バッシュにスリッポン、あとサンダル?女の子のモノは服も靴もよくわからん。


「じゃあお願いします」


「あ、これ履いていくので、今履いてるブーツ、入れてもらっていいですか?」


スリッポンを履いていくらしい。




「やっぱり。ユウジとわたし、背の高さ同じくらいだね!」


店を出たところで、俺の前に立って、背を比べるファニア。


「そうだな。この国だと、女の子としては高い方だよ。どう?履き心地」


そういいながら、目の前にファニアの顔が来てちょっとドキッとする俺。

ファニアに悟られないように歩き出す。


「あっちのよりもすごく軽いよ!でもそれよりユウジと目線が同じになったのが嬉しいな!」


「そんなのが嬉しいのか?」


「ちょっと見降ろしてたからね。目線同じ方が話しやすいよ」


「俺は気にしてなかったけどな。話しやすくなったならよかったじゃん」


俺は顔が近くなって気になっちゃうんだけどね。


「ユウジもよくない?この方がそっちからキスしやすいでしょ?」


「まーたオマエはそーゆーことを・・・・」


あきれたような表情をつくりながら、心臓はドキドキだ。

てかあっちの世界にもキスってあるんだね。


「ユウジってからかうとかわいいんだもん!」


「かわいいなんて赤ん坊のころは言われてたかもしれねーけど、物心ついてからは言われた記憶ねーわ」


「わたしが何歳だと思っているのかね?ユウジなんかまだまだおこちゃまだよぉ?」


「見た目女の子だから聞きにくかったんだけど、何歳なの?」


「お!いい心がけだよぉ?女の子にはあまり歳聞いちゃダメだよね。何歳だと思う?」


ちょっとウザくなってきたかもですよエルフさん。

それでもかわいいんだけど。


「見た目は22~23くらいかな?実際は?」


「872。こっちと一年の長さがまだわかんないから、こっちだと違ってくるかもだけどね。驚いた?」


「予想はしてたからあまり驚いてないっす。それより正確に覚えてたことに驚いたよ。俺なら大体900くらい?とか言うと思う」


「そう?普通覚えてない?」


「毎年誕生日には何歳だったっけ?って考えてる俺がいるんですよ」


「イカンなーキミは!わたしが覚えておいてあげる!誕生日は?」


「5月7日」


「今何歳?」


「38」


「やっぱりおこちゃまだ」


「エルフ基準で考えないでくださーい。
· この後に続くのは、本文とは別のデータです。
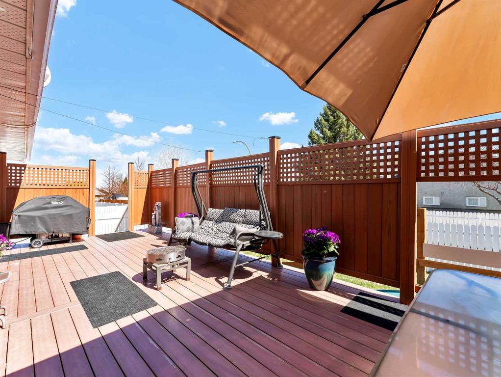 Welcome to this one-owner, custom-built home in the heart of Southridge—perfectly situated in SE Southridge and just a short walk to parks, schools, playgrounds, and scenic walking paths. This is a location that truly supports everyday living. This home offers 4 bedrooms (3 up, 1 down) and a layout that stands out from the rest. The main floor features a sunken living room with impressive ceiling height and beautiful natural light that fills the space and flows effortlessly into the rest of the home. Just a few steps up, you’ll find the open-concept kitchen and dining area—designed for both function and connection. The kitchen showcases oak cabinetry with updated modern hardware, a smart, usable layout, and a granite sink. The dining area is spacious and positioned at the back of the home, with direct access to your private upper deck—ideal for hosting or simply unwinding. Down the hall, you’ll find a full 4-piece bathroom, two well-sized secondary bedrooms, and a comfortable primary retreat complete with a walk-in closet and its own 3-piece ensuite. The fully developed basement adds even more versatility, featuring newly installed vinyl plank flooring, a large family room with rough-in for a future wet bar, and a fourth bedroom. One of the standout features down here is the spa-inspired relaxation space with a massive jetted tub—your own private escape at the end of the day. There’s also a 2-piece bathroom, dedicated laundry room, utility space with extra storage, and a unique bonus area tucked beneath the sunken living room—perfect as a kids’ playroom, extra storage, or flex space to suit your needs. Outside, the fully fenced yard is set up for both privacy and enjoyment. The upper deck features low-maintenance composite decking, a gas line for your BBQ (included—bonus), and access down to the landscaped yard with underground sprinklers. The front of the home offers great curb appeal, with a double attached garage and the added benefit of a corner lot. A solid, well-cared-for home in a highly desirable neighborhood—this one is easy to love. Furnace and HWT are two years old, vinyl flooring in the basement is a year and half.
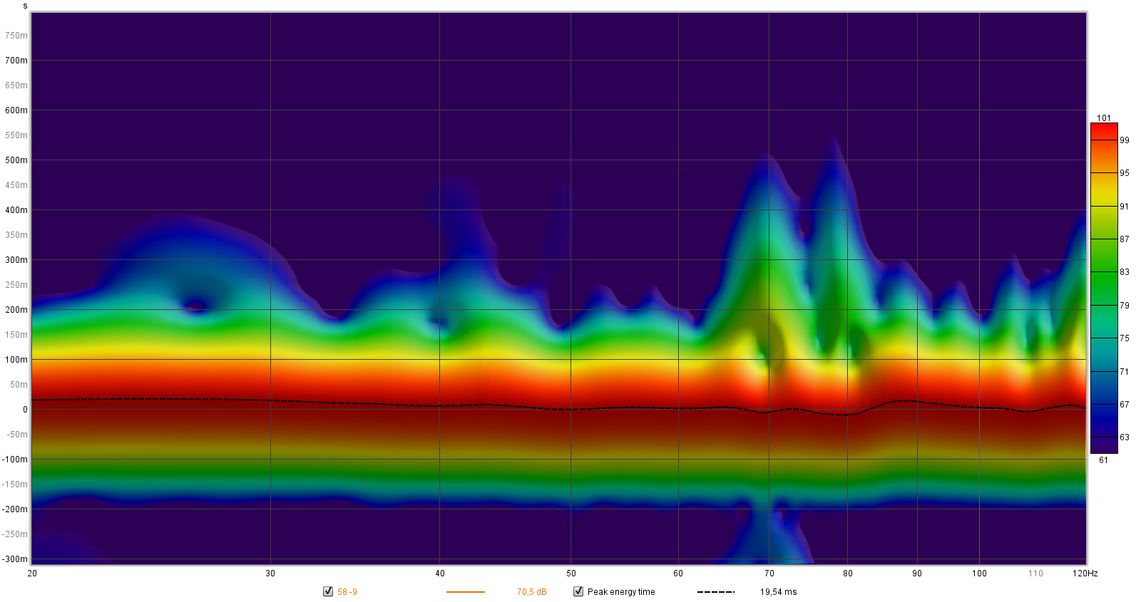 Daher hier das pro Frequenz auf die höchste Amplitude normierte Abklingspektrum (gab es damals in REW noch nicht). Das lässt keine Zweifel mehr.
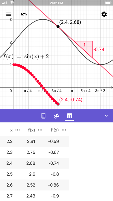Graph functions, roots, and extrema. Find derivatives and integrals. Create tables of values. Solve equations and 3D math problems. Construct and analyze polygons, circles and conics. Create dynamic g.. Read more
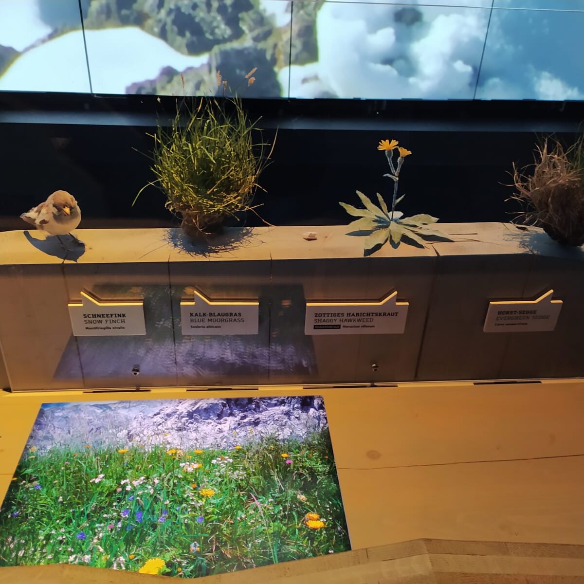 Una volta terminata la visita presso questa sala, ci spostiamo verso l’alto. Un paio di rampe di scale, ed eccoci giunti in una terrazza panoramica situata nell’ultima parte della nostra visita: l’alta montagna. Qui vi sono figure di aquile reali, falchi pellegrini, stambecchi e camosci, anch’essi impagliati come nelle sale precedenti. Ma qui, la vera attrazione non sono gli animali, né tanto meno i resti dei fossili preistorici esposti lungo le pareti. Ciò che cattura maggiormente la nostra attenzione è un enorme pannello 15 metri di larghezza per 8 metri di altezza. Su di esso sono proiettatele immagini e le riprese dei paesaggi e dell’ecosistema del Parco Nazionale. La durata del video di queste immagini è di circa 12 minuti, al termine dei quali, le lamelle dello schermo si aprono e agli occhi del visitatore si aprirà un’incantevole vista delle montagne e del Parco Nazionale di Berchtesgaden.
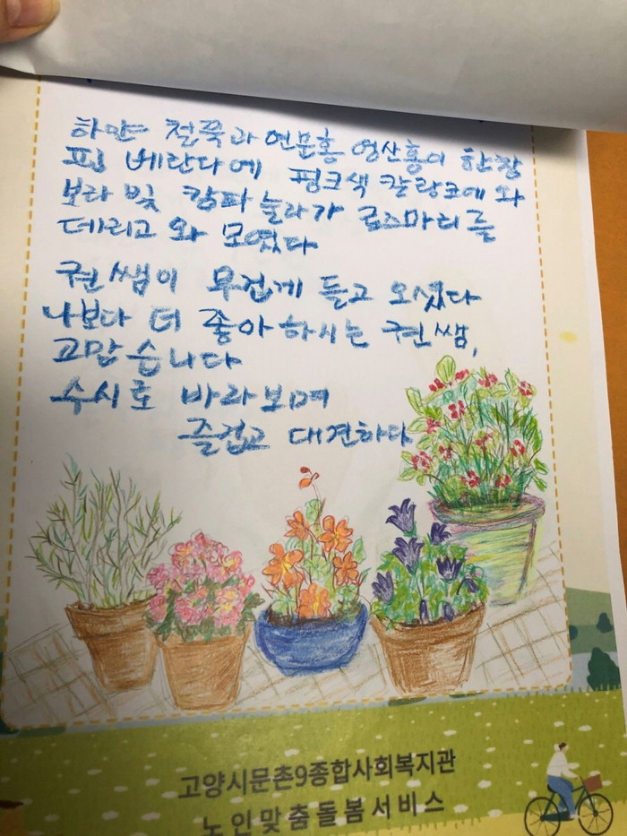 문촌9종합사회복지관은 ‘화초야 놀자’ 참여 어르신 중 6명을 선정해 소정의 상품을 제공했다. 수상한 어르신은 “예쁜 꽃을 보고 그림을 그리는 것만으로 행복했는데 이렇게 선물까지 받으니 너무 좋다”라고 소감을 전했다.
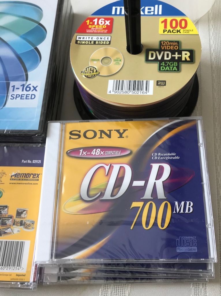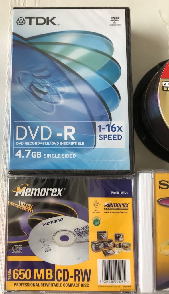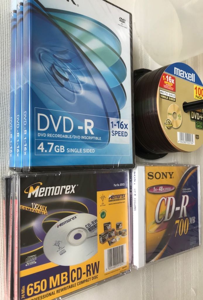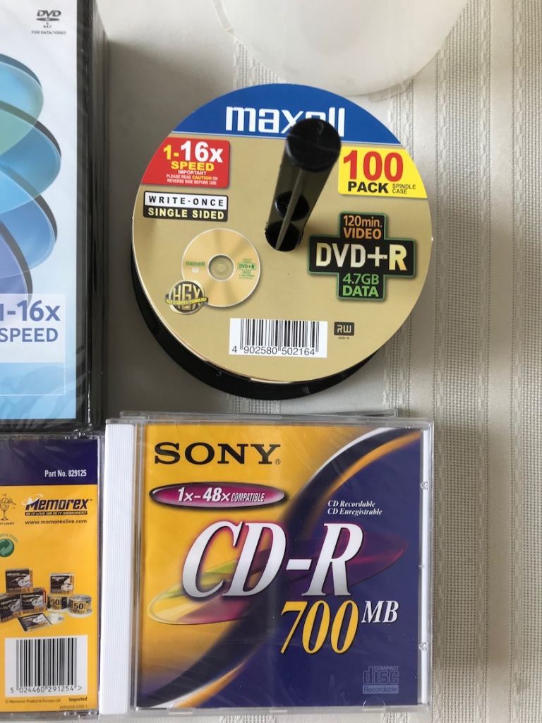 A selection of blank unused CDR-Recordable and DVD-Recordable.
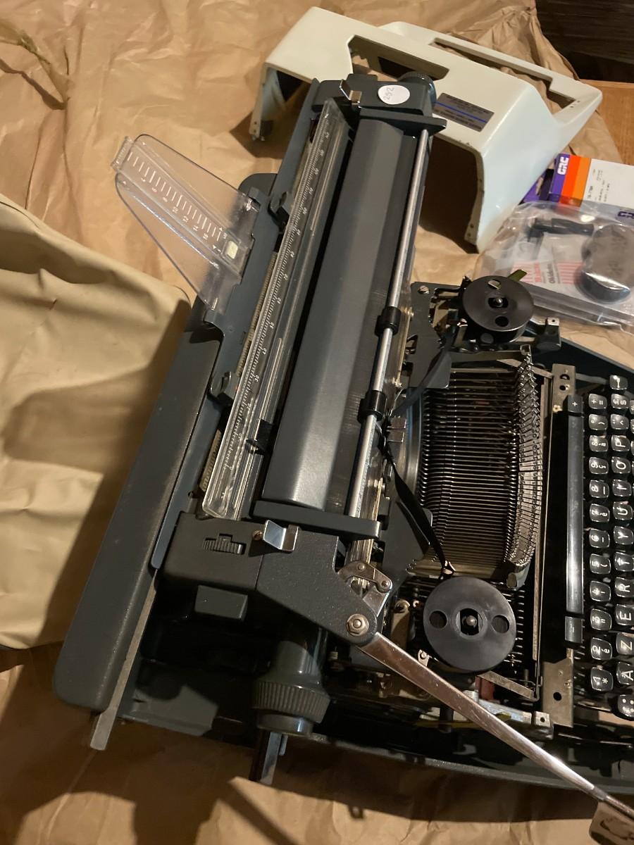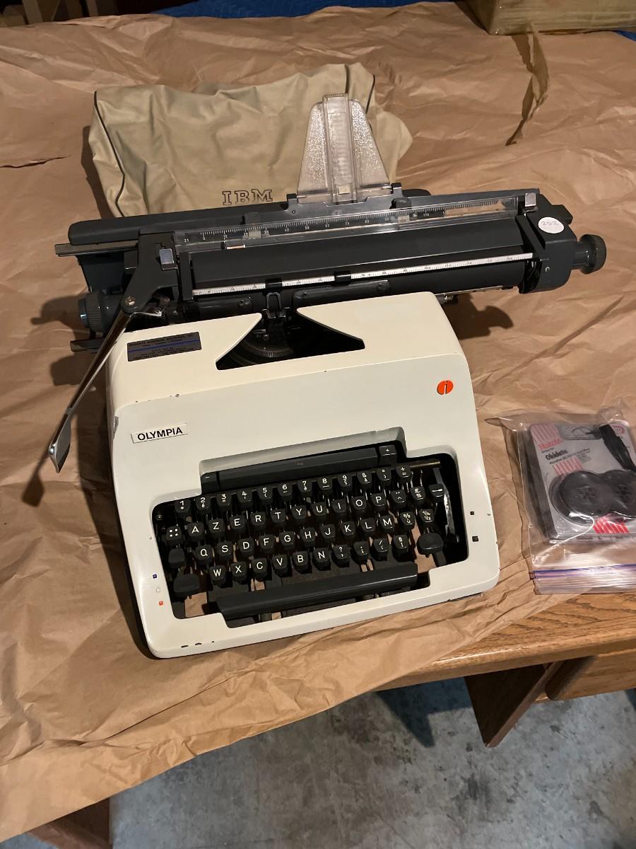Olympia typewriter. This seller was a typerwriter collector! Shown with and without cover
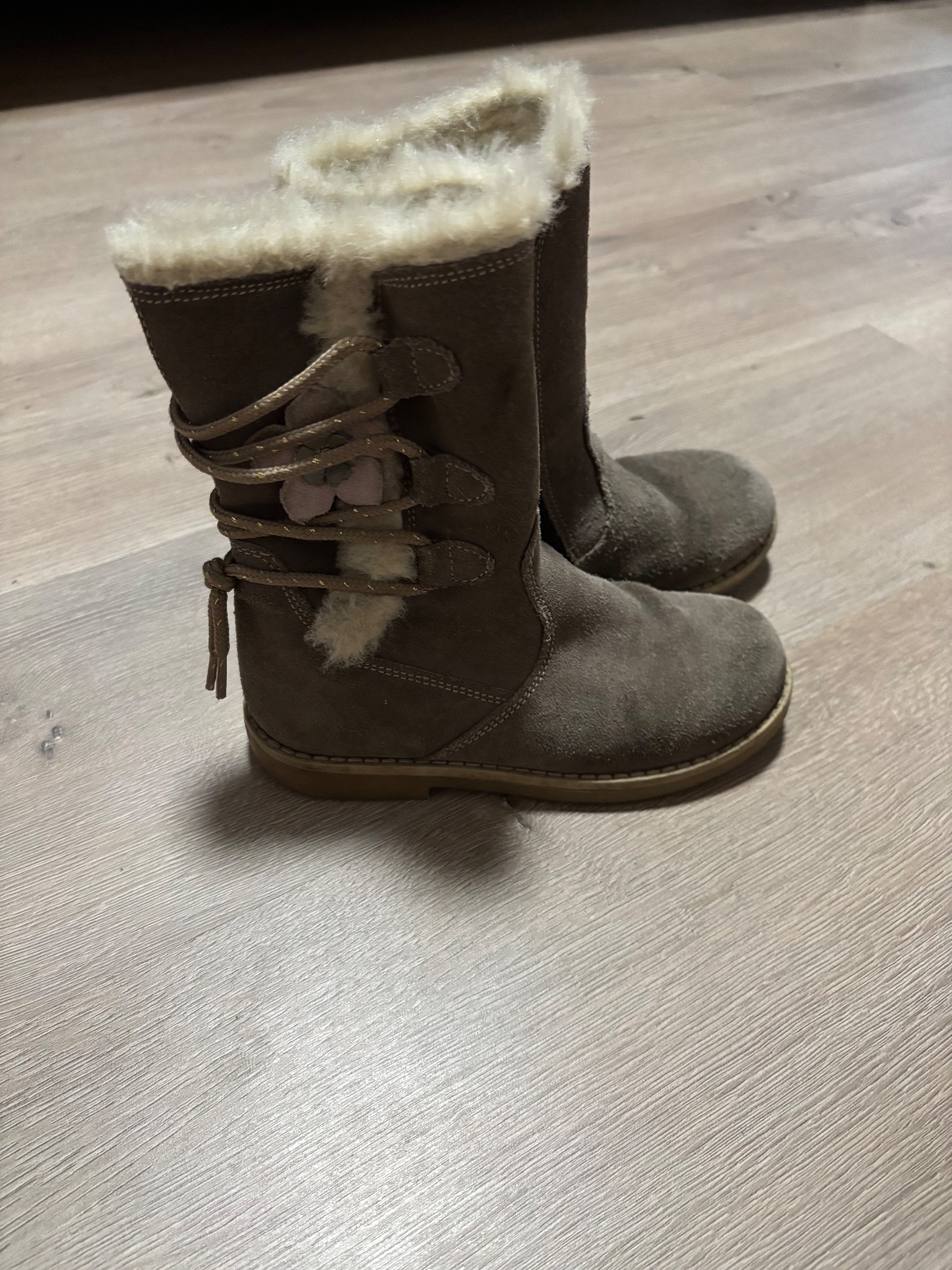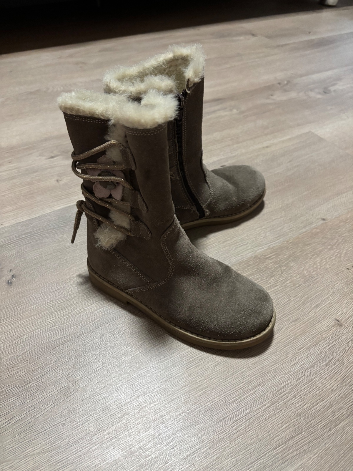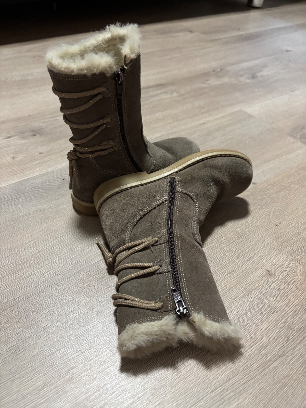Pekné, horčicovo-hnede čizmy pre dievčatko. Spodna časť je z brúsenej kože, vrch od členku vyššie je textilna imitácia. Zvnútra sú zateplené umelou kožušinkou. V predu na spodu vidno fliačky, ktoré...
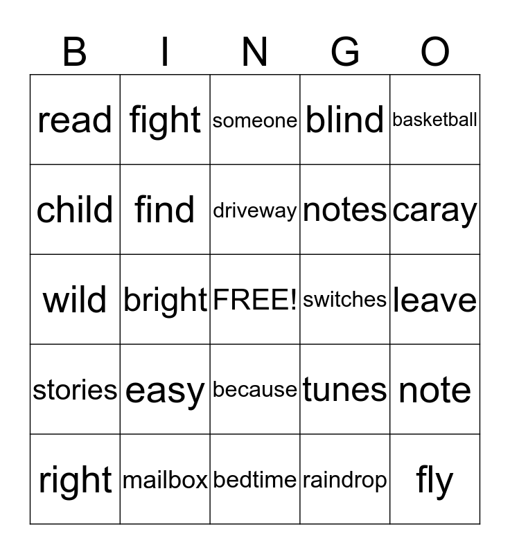 This bingo card has a free space and 74 words: seal, told, someone, cry, hotter, wheel, slow, bedtime, right, happier, party, float, driveway, child, smaller, bright, right, caray, child, wild, find, fight, blind, sky, fly, spider, myself, night, buy, their, basketball, weekend, birthday, bathtub, driveway, raindrop, someone, something, riverbank, backyard, bedtime, mailbox, outside, everybody, sometimes, read, feet, easy, deep, seat, party, wheel, leave, windy, sleep, teeth team, because, Easter, guess, note, notes, story, stories, switch, switches, lunch, lunches, tune, tunes, baby, babies, pennies, scared and people.
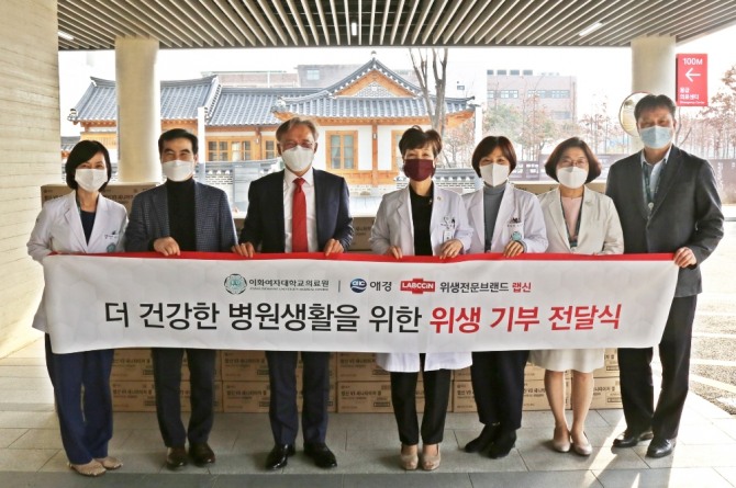 같은 날 애경산업의 위생 전문 브랜드 ‘랩신’(LABCCiN)은 서울시 강서구 이대서울병원에서 랩신의 손소독제를 기부하는 전달식을 개최했다.
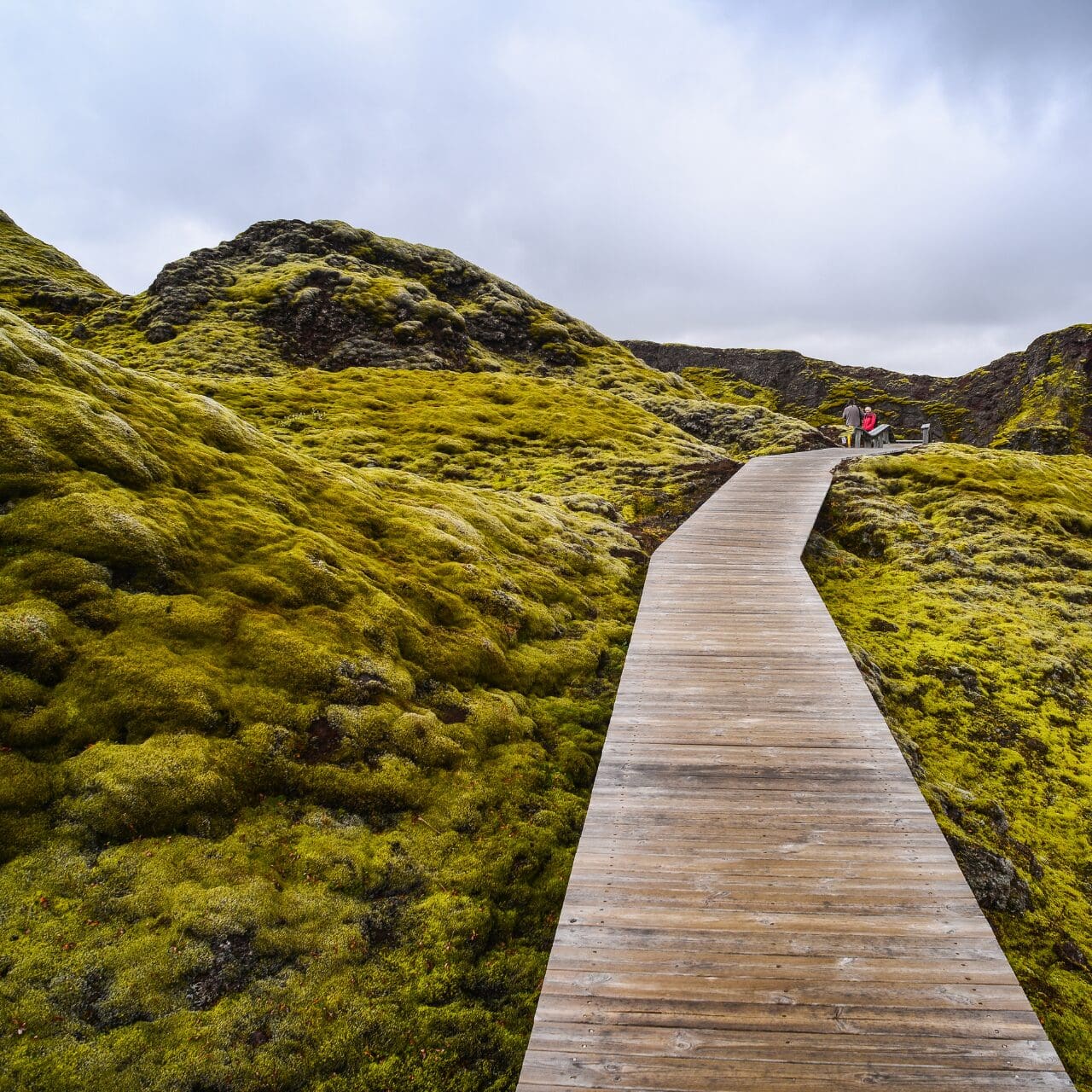 From there, you’ll continue your journey, following the row of craters through a lava field on a narrow track, eventually completing the loop around Lakagígar.

ここじゃ十分大人なんですぅ。

まあ今年は過ぎちまったから、来年いたら祝ってくれ」


「じゃあいる!」


「いいんだぞ?もっといいとこ見つけたら引っ越しても」


「いるもん!絶対祝ってあげるんだもん!」


なんでムキになってんだよ?


「わかったよ、ありがとな。そこまで言われたら期待しとくぞ?」


「うん!約束!」


右手の小指を立てるファニア。


「こっちだと約束するときこうするんでしょ?」


「こんなのやるの子供だけだぞ?」


「いいじゃん?しよ?」


付き合ってやるかぁ。


「指切りげんまん嘘ついたら針千本のーます!指切った!」


街中でいい大人がこんなことやってんの、すげーハズいんですけど?

なんとなーく視線感じる。ファニアが綺麗すぎるってのもあるんだろうけど。


「フフフッ、ちょっと恥ずかしいね?」


「だから子供だけって言ったのに・・・」


「でもちゃんと約束したからね?」


「・・・よろしくな」


照れくさいんだよ!


「んー!やっぱりかわいいなーユウジはっ!!」


「何を・・・おいっ!」


俺の左手に右手を絡めてくるファニア。


「こっちじゃ腕組んだりするのってほぼ恋人同士なんですけど?」


「いいでしょ?今そんな気分なのですよ、わたし」


「まだお互いの事何も知りませんけどねー3回目」


「それはこれから知っていけばいいんじゃないですかねー3回目」


顔を見合わせて笑う二人。


「ウチらこればっかり(笑)」


「ねー!(笑)」


「あと買うのは石鹸とかか?あ、一緒に食材も買おう。こっちの食材の事教えるよ」


「うん!料理も教えてね!」


「そうだな。しばらく一緒に作るか?」


「そうしよ?がんばっていいお嫁さんになる!」


「誰のだよ(笑)」


「えー?一人しかいないんですけどぉ?(笑)」


「まだお互いの事何も知りませんけどねー4回目(笑)」


「それもういいから(笑)」


何も知らないのなんかどうでもよくなるくらいに、ファニアと一緒にいるのは楽しい。

やべえ、マジになりそうだ。

昨日出会ったばかりだぞ?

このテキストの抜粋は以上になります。